Но изменят ли солдат или пешка свой внутренний статус ? Безусловно нет. Маршал «в душе» останется солдатом, пешка также скорей всего останется таковой. Медь равным образом обретет только внешнюю форму серебра. Подлинная трансмутация. то есть претворение скрытого золота во внешнее требует героического усилия. Потому Чезаре делла Ривьера, итальянский автор XVI–XVII в., назвал свою книгу об алхимии «Магический мир героев». Надлежит определить два аспекта подобного героизма: с одной стороны Геракл, аргонавты, жрецы Гермеса и Диониса; с другой — последние адепты, которые отстаивали магическое миропонимание перед победным наступлением рационального позитивизма. Парацельс, Агриппа Неттесгейм, Франциск Меркурий Ван Гельмонт более остальных достойны культа личности в герметике.
Что же такое трансформация, если держать в уме слова Парацельса?

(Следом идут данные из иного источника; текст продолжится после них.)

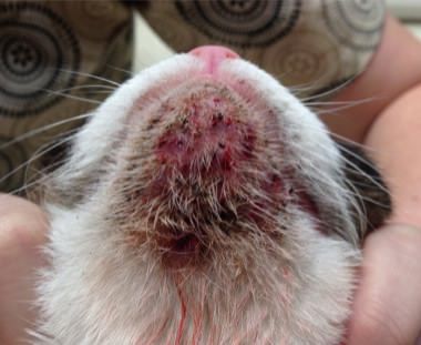 Em alguns casos, os mais avançados podem aparecer pústulas (espinhas) e um alto grau de inflamação e infecção. Isso é muito perigoso para a saúde geral do gato! Muitos gatos no começo só apresentam um queixo “sujinho”, com pequenos pontos pretos (cravinhos) entre os folículos do pelo. Em alguns casos, o quadro não sai disso, mas em outros, os cravos se tornam espinhas, e podem inclusive causar infecções bacterianas secundárias, por isso precisam ser tratados do modo correto.

Форма, говорит нам Титус Буркхарт, это «качественное содержание», придающее объекту сугубую индивидуальность. Автор вероятно имеет в виду «форму формирующую» (forma formanta). Только тогда можно рассуждать о глубокой экзистенциальной трансформации.
(Необходимо отличить форму как философское понятие от обычного употребления слова. У нас, в частности, «форма» или «формальное» или «для проформы» означает: бессодержательное, поверхностное, манерное и т. п. Это ассоциируется с геометрией, силуэтом, абрисом: формы облаков, женские формы и прочее).
В языческой герметике, например у Посидония и Синезия, форма — насыщенная огнем пневма, что движет эйдос в материю. (Здесь надобно отметить определенное сходство античной герметики с положениями санкхья индуизма. Без участия Purusha творения Pracriti иллюзорны, равно как творения материи вне влияния сперматических эйдосов). Что сие означает? Что природа не нуждается в эйдетических формах небесного фаллицизма. Влажная земная тьма полна мобильных пенисов — это образует жизнь вегетативную и анимальную. Но для создания субтильного тела души или охемы необходимо эйдетическое оплодотворение материи.
Антропологическая интерпретация подобных воззрений такова: эволюцию к жизни в более высоких, нежели земной, элементах свершает субтильное тело души. Дети, рожденные вне участия эйдетических форм, ориентированы на сугубо земные цели, они лишь инструменты женской централизации.
Пассивная анимальная или рациональная душа подвержена любому формальному насилию и рождает от каждого впечатления желанные или отвратительные образы.
Герметика известна искусством превращения проститутки в деву — последняя считается несравненно драгоценней «девственницы натуральной». У Гете во второй части «Фауста» античный мудрец говорит: «ржавчина впервые делает медную монету ценной». Почему? Влажный воздух, к примеру, способен успешно «атаковать» монету, пробудив «агента деструкции» внутри оной — «черный сульфур» в случае мужского металла, «черную магнезию» в случае женского.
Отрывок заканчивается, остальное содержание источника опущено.